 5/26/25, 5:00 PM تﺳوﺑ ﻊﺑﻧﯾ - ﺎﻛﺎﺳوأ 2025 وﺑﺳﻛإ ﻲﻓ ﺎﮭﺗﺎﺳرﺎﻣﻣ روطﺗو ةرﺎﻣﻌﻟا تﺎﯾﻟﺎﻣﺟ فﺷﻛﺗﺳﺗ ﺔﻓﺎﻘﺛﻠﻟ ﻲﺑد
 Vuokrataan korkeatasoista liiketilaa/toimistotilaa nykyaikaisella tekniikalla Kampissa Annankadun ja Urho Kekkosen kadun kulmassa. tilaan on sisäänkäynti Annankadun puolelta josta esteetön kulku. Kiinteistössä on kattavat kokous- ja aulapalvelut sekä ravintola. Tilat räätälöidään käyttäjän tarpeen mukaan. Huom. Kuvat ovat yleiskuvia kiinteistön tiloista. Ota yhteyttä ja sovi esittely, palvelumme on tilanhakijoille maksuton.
---
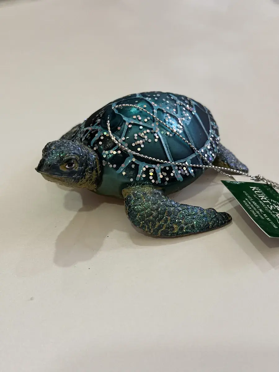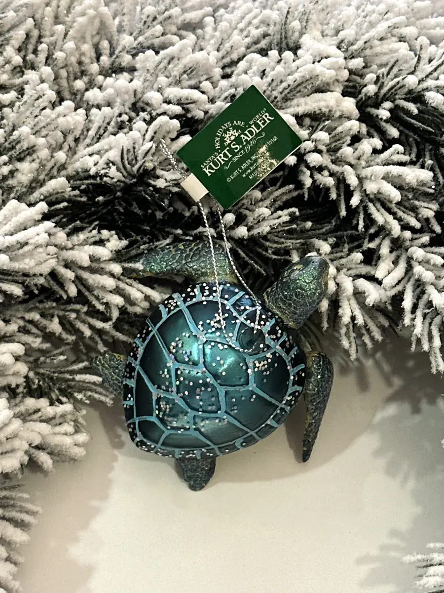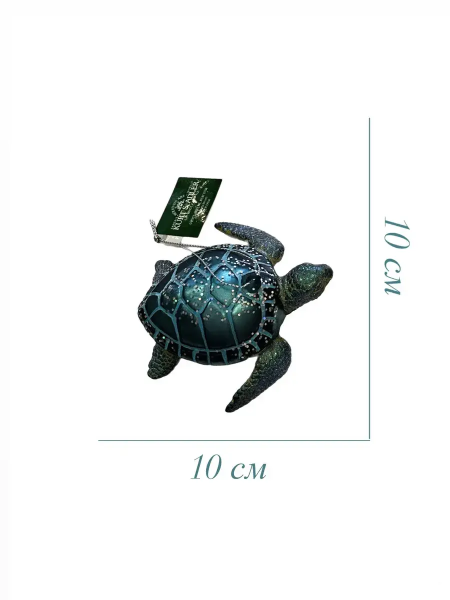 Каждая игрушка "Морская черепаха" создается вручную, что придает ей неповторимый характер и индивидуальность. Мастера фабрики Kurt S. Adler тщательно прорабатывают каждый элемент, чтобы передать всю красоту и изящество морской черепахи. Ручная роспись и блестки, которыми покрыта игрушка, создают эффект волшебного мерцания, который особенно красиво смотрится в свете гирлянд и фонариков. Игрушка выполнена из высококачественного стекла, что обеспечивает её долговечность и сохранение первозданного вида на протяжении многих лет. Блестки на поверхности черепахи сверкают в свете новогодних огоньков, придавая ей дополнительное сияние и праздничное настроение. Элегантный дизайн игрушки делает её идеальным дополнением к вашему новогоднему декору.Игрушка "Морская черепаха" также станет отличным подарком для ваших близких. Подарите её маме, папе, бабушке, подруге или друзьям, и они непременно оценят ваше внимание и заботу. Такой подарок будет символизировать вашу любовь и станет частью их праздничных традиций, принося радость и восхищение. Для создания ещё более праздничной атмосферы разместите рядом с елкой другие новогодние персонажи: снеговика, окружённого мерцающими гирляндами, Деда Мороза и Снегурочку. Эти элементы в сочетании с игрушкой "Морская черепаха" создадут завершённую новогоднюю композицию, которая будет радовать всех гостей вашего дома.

Assignment -> Above are the records; copy exactly the lines from the line with "5/26/25, 5:00 PM" through the line with "Vuokrataan korkeatasoista liiketilaa/toimistotilaa", both included.

The answer ->
 5/26/25, 5:00 PM تﺳوﺑ ﻊﺑﻧﯾ - ﺎﻛﺎﺳوأ 2025 وﺑﺳﻛإ ﻲﻓ ﺎﮭﺗﺎﺳرﺎﻣﻣ روطﺗو ةرﺎﻣﻌﻟا تﺎﯾﻟﺎﻣﺟ فﺷﻛﺗﺳﺗ ﺔﻓﺎﻘﺛﻠﻟ ﻲﺑد
 Vuokrataan korkeatasoista liiketilaa/toimistotilaa nykyaikaisella tekniikalla Kampissa Annankadun ja Urho Kekkosen kadun kulmassa. tilaan on sisäänkäynti Annankadun puolelta josta esteetön kulku. Kiinteistössä on kattavat kokous- ja aulapalvelut sekä ravintola. Tilat räätälöidään käyttäjän tarpeen mukaan. Huom. Kuvat ovat yleiskuvia kiinteistön tiloista. Ota yhteyttä ja sovi esittely, palvelumme on tilanhakijoille maksuton.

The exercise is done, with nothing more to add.